## What the exercise asks
Retype every line from the top of the entries down to the one with "Lejligheden er i", both included, and skip the pictures.

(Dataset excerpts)
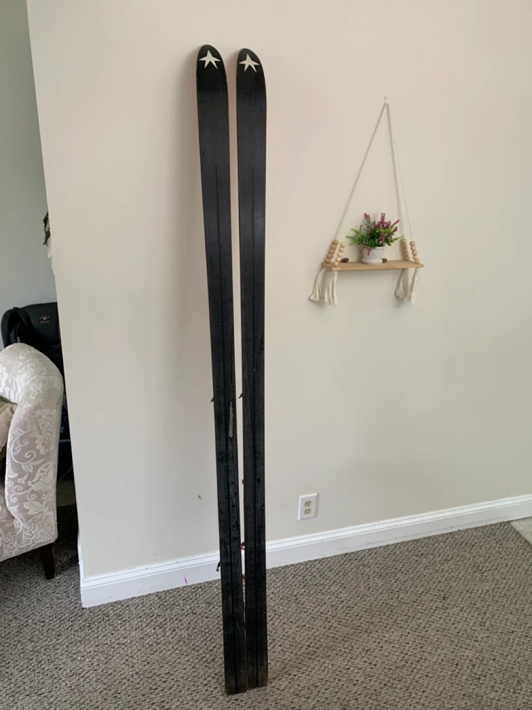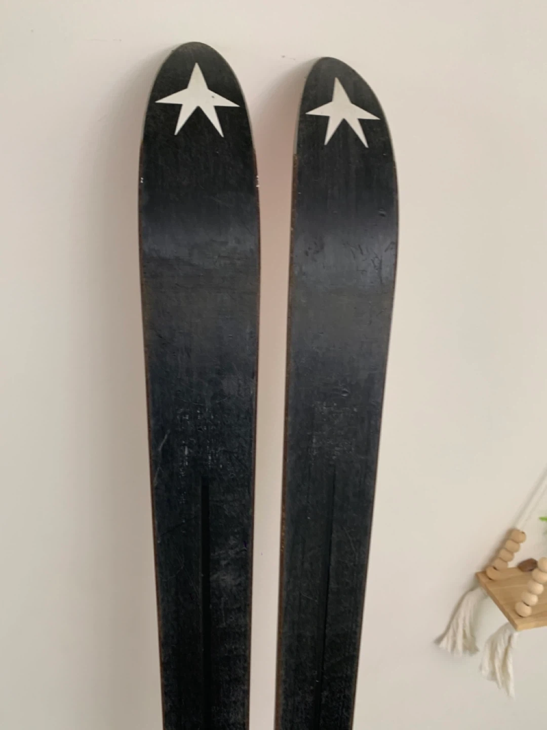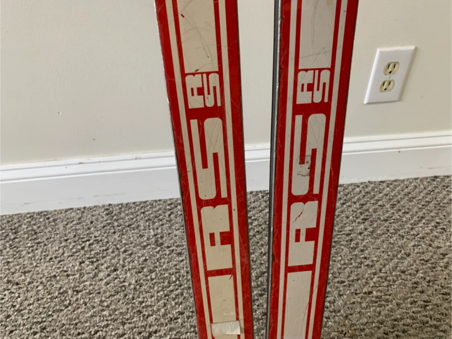 Vintage red skis from Kneissl, featuring the iconic Red Star RS design. These skis come with bindings already attached. Perfect for display or retro skiing enthusiasts!
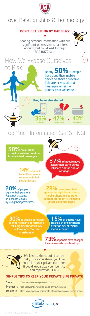 “With all the stories we’ve heard about intimate photos being leaked, it’s hard to believe people are still sharing their passwords,” said McAfee VP Gary Davis. “Ultimately, they’re increasing the risks of these photos becoming public and possibly jeopardizing their identity and reputation. Consumers must take precautions and use mobile security to ensure that what should be private stays private.”
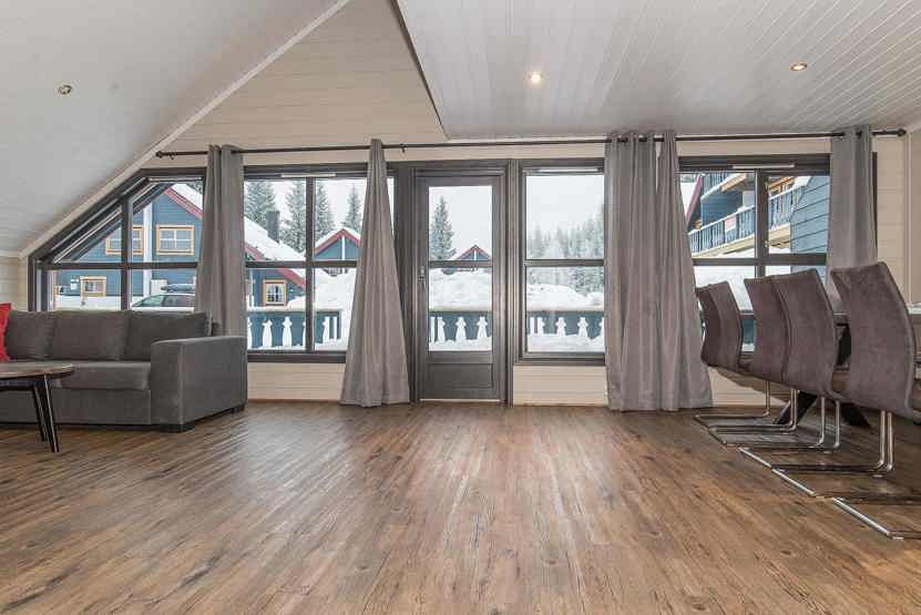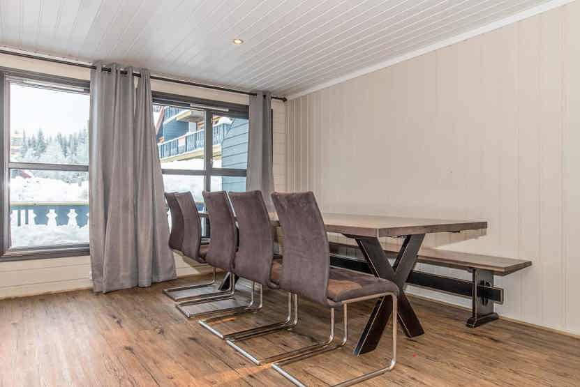 Lejligheden er i 2 etager og ligger på 1.sal, 10 sengepladser, 132 m², opholdsstue med pejs, TV og køkkenafdeling, spisebord og stole. 4 soveværelser, 2 brusere, 3 WC, 1 sauna, boblebad, vaskemaskine.
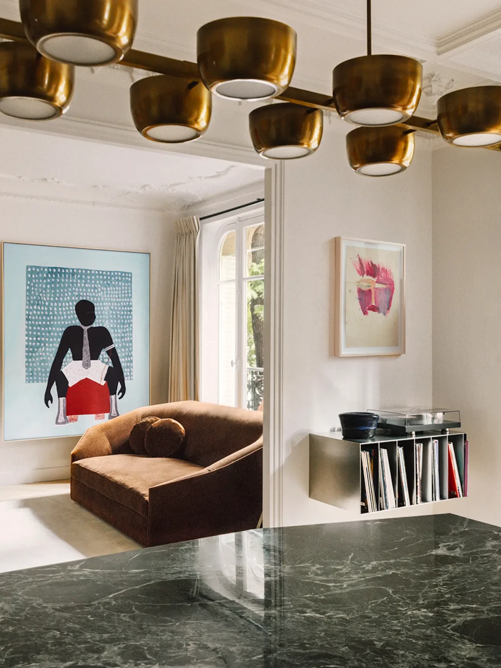 Дизайнеры Батист Ришман (Baptiste Rischmann) и Гийом Жибер (Guillaume Gibert) из парижского бюро RMGB бережно восстановили апартаменты в историческом здании на Монмартре. Архитектурное наследие XIX века — лепнина, паркетные полы и французские окна — органично сочетается в этом интерьере с современными элементами, которые отражают характеры и вкусы заказчиков. Семейная квартира наполнена историей своих владельцев — людей, чья жизнь была неразрывно связана с модой, путешествиями, искусством и архитектурой.
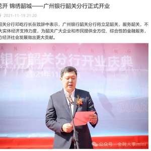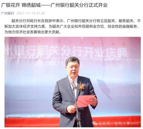 邓屹不再担任韶关分行行长职务;曾任广州银行花都支行行长、广州分行副行长,2021年11月19日,广州银行韶关分行正式开业,邓屹任行长。
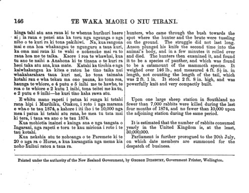 146 TE WAKA MAORI O NIU TIRANI. hinga tahi atu ana raua ki te whenua hurihuri haere ai; ia raua e penei ana ka toru nga ngaunga o nga niho o te kuri ra ki tona pakihiwi. Na, kua rangona mai e ona hoa whakangau te ngunguru a taua kuri, ka oma mai raua ki te wahi e nokenoke mai ra to raua hoa me te taika. Kaore i roa te whawhai, kua tu ano te naihi a Anahona ki te tinana o te kuri ra heoi taka atu ana, kua mate. Katahi ka tirohia e nga kaiwhakangau ka kitea e ratou he tino taika nui whakaharahara taua kuri nei, ko tona taimaha kotahi rau e wha tekau ma ono pauna, ko tona roa, haunga te whiore, e 4 putu e 5 inihi me te hawhe, te roa o te whiore e 2 kutu 1 inihi, tona teitei me ka tu, e 2 putu e 8 inihi—he kuri tino kaha rawa atu. E whitu mano rapeti i patua ki runga ki tetahi rana hipi i Murihiku, Otakou, i roto i nga marama e wha o te tau 1874, a kahore i iti iho i te 10,000 nga mea i patua ki tetahi atu rana, he mea tu tata mai ki tera, i taua wa ano o te tau 1874. Kua mohiotia inainei e kainga ana e nga tangata o Ingarani, nga rapeti e toru te kau miriona i roto i te tau kotahi. Kua nekehia atu te nohoanga o te Paremete ki te 20 o nga ra o Hurae, a kua karangatia nga mema kia noho huihui ratou a taua ra. hunters, who came through the bush towards the spot where the hunter and the brute were tussling on the ground. The struggle did not last long. Anson plunged his knife the second time into the animal's body, and in a few minutes it rolled over and died. The hunters then examined it, and found it to be a species of panther, and which was found to be a catamount of the mammoth species. It weighed over 146 Ib., and measured 4 ft. 5½ in. in length, not counting the length of the tail, which was 2 ft. 1 in. It stood 2 ft. 8 in. high, and was powerfully knit and very compactly built. Upon one large sheep station in Southland no fewer than 7,000 rabbits were killed during the last four months of 1874, and no fewer than 10,000 upon the adjoining station during the same period. It is estimated that the number of rabbits consumed yearly in the United Kingdom is, at the least, 30,000,000. Parliament is further prorogued to the 20th July, on which date members are summoned for the despatch of business. Printed under the authority of the New Zealand Government, by GEORGE DIDSBURY, Government Printer, Wellington.
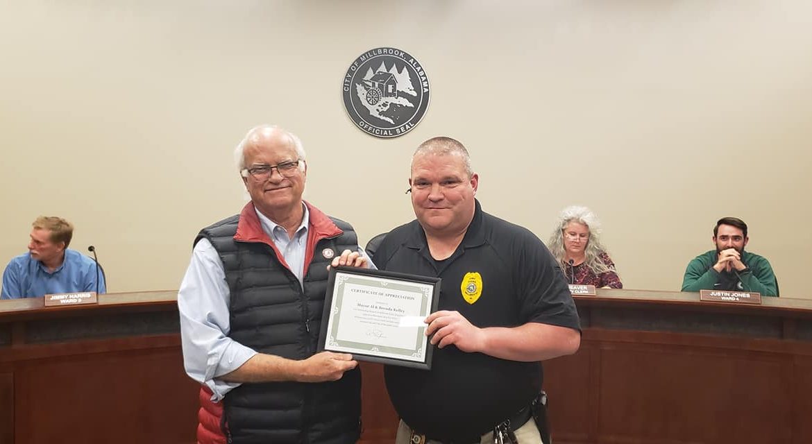 Another award for the evening went to Millbrook Mayor Al Kelley, presented by Police Chief P.K. Johnson, for his and his wife Brenda’s consistent help each year with Operation Blue Santa.
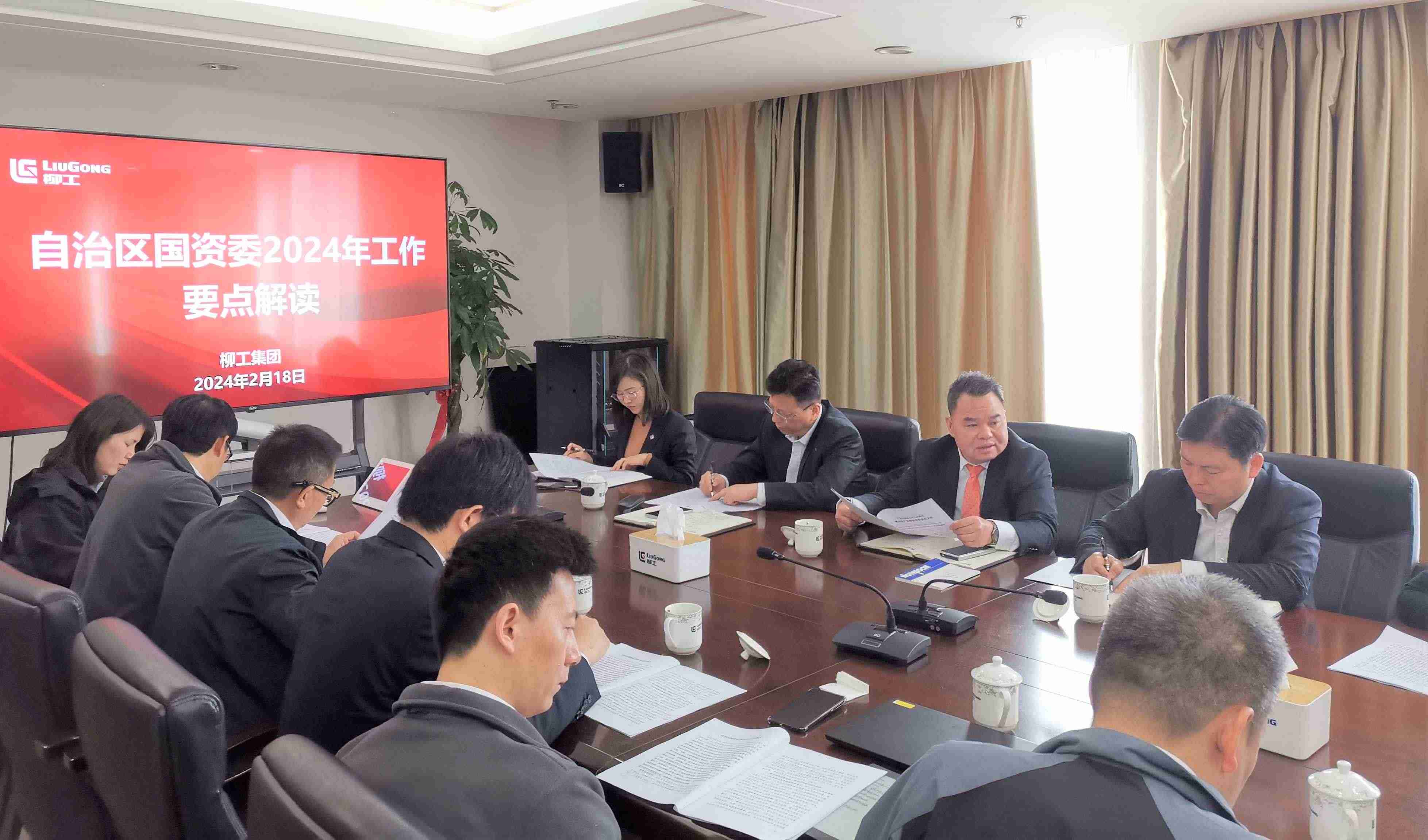 新年伊始,萬(wàn)象更新。2月18日上午,春節(jié)收假后的第一個(gè)工作日,廣西柳工集團(tuán)有限公司召開(kāi)自治區(qū)國(guó)資委2024年工作要點(diǎn)解讀專題會(huì)議,傳達(dá)學(xué)習(xí)相關(guān)文件精神,并深入研究貫徹落實(shí)舉措。廣西柳工集團(tuán)有限公司黨委書(shū)記、董事長(zhǎng)鄭津主持會(huì)議,黨委副書(shū)記、副董事長(zhǎng)、總經(jīng)理王太平,黨委副書(shū)記、紀(jì)委書(shū)記、工會(huì)主席賴頌平,董事會(huì)秘書(shū)、行政總監(jiān)左芳等領(lǐng)導(dǎo)班子成員出席會(huì)議,職能部門(mén)總監(jiān)以及子公司運(yùn)營(yíng)相關(guān)負(fù)責(zé)人參加會(huì)議。

## Exercise result
 Vintage red skis from Kneissl, featuring the iconic Red Star RS design. These skis come with bindings already attached. Perfect for display or retro skiing enthusiasts!
 “With all the stories we’ve heard about intimate photos being leaked, it’s hard to believe people are still sharing their passwords,” said McAfee VP Gary Davis. “Ultimately, they’re increasing the risks of these photos becoming public and possibly jeopardizing their identity and reputation. Consumers must take precautions and use mobile security to ensure that what should be private stays private.”
 Lejligheden er i 2 etager og ligger på 1.sal, 10 sengepladser, 132 m², opholdsstue med pejs, TV og køkkenafdeling, spisebord og stole. 4 soveværelser, 2 brusere, 3 WC, 1 sauna, boblebad, vaskemaskine.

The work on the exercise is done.